Highly Scalable Distributed Architecture for Spatio-Temporal Analytics on Large Scale Camera Networks
In today's world, the proliferation of CCTV camera networks has reached unprecedented levels, with an estimated billion cameras installed globally. These cameras serve a crucial role in ensuring safety and security for individuals, businesses, and governments. However, the sheer volume of video data generated by these cameras poses significant challenges in terms of storage, analysis, and query processing. In response to these challenges, Dr. Suresh Purini and his team at the International Institute of Information Technology (IIIT), Hyderabad, have undertaken a groundbreaking project titled "Highly Scalable Distributed Architecture for Spatio-Temporal Analytics on Large-Scale Camera Networks."
Project Objectives
The primary objectives of this project, led by Dr. Suresh Purini and co-led by Dr. Ravi Kiran Sarvadevabhatla, were as follows:
- Build a distributed infrastructure for video stream ingestion.

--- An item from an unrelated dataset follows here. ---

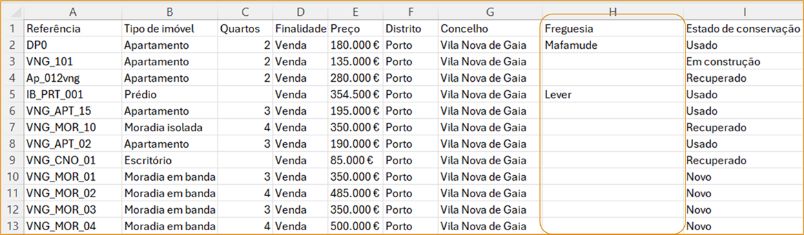 Será, então, gerado um ficheiro .csv com uma coluna Freguesia. As células desta coluna sem informação correspondem aos imóveis cuja designação da freguesia foi alterada.

- Build and optimize the query processing system.
- Benchmark the system performance on a variety of data sets.
- Build the deployment infrastructure and demonstrate the entire project.
Achieving the Objectives
The project successfully achieved all of its stated objectives. The team created a distributed infrastructure capable of handling video streams from a multitude of cameras, developed a powerful query processing system, rigorously tested the system's performance, and finally, created a robust deployment infrastructure to showcase their groundbreaking work.
Contributions to the Field
The significance of this project lies in its ability to address complex spatio-temporal analytics challenges in large-scale camera networks. The key contributions and insights include:
Semantic Scene Analysis (SSA)
The project delves into SSA, a cutting-edge area of research at the intersection of computer vision and natural language processing. SSA involves generating textual descriptions of scenes through object recognition and establishing relationships among recognized objects.
Cloud-Fog Architecture
The team proposes a novel cloud-fog distributed system architecture. In this architecture, deep learning pipelines deployed on fog nodes analyze video streams from connected CCTV cameras, generating textual Scene Description Records (SDRs). These SDRs are transmitted to cloud data centers, reducing network bandwidth and congestion.
Scalability and Extensibility
The architecture allows for easy scalability by adding more fog nodes and mini data centers as needed. It is also highly extensible, accommodating different deep learning models and complex query types.
Real-Time Vehicle Pursuit
As a case study, the project demonstrates a real-time vehicle pursuit algorithm that leverages the system's capabilities to handle multiple spatio-temporal queries and coordinate across multiple data centers.
Experimental Methodology and Artifact Availability
The researchers employed a cluster of five servers functioning as a mini data center. Within this setup, the fog node software was containerized, making it adaptable to any CPU-GPU node. The video sources for the experiment were pre-recorded CCTV camera feeds from the STREETS dataset [14], ensuring real-world relevance. They systematically benchmarked system performance, including accuracy in vehicle tracking. Additionally, they offer artifacts for others to build upon. This framework has great potential for improving video surveillance systems.
Conclusion and Future Scope
The project's success in addressing the challenges of video analytics in large-scale camera networks is a significant achievement. It opens up new possibilities for various domains beyond road camera networks, including surveillance networks in public places like malls and airports.
In the future, the team plans to explore the application of their architecture in different domains, leveraging the power of semantic scene analysis and cloud-fog distributed systems to revolutionize video analytics. The architecture's scalability, extensibility, and efficiency make it a promising solution for addressing the data deluge generated by the ever- expanding network of CCTV cameras worldwide.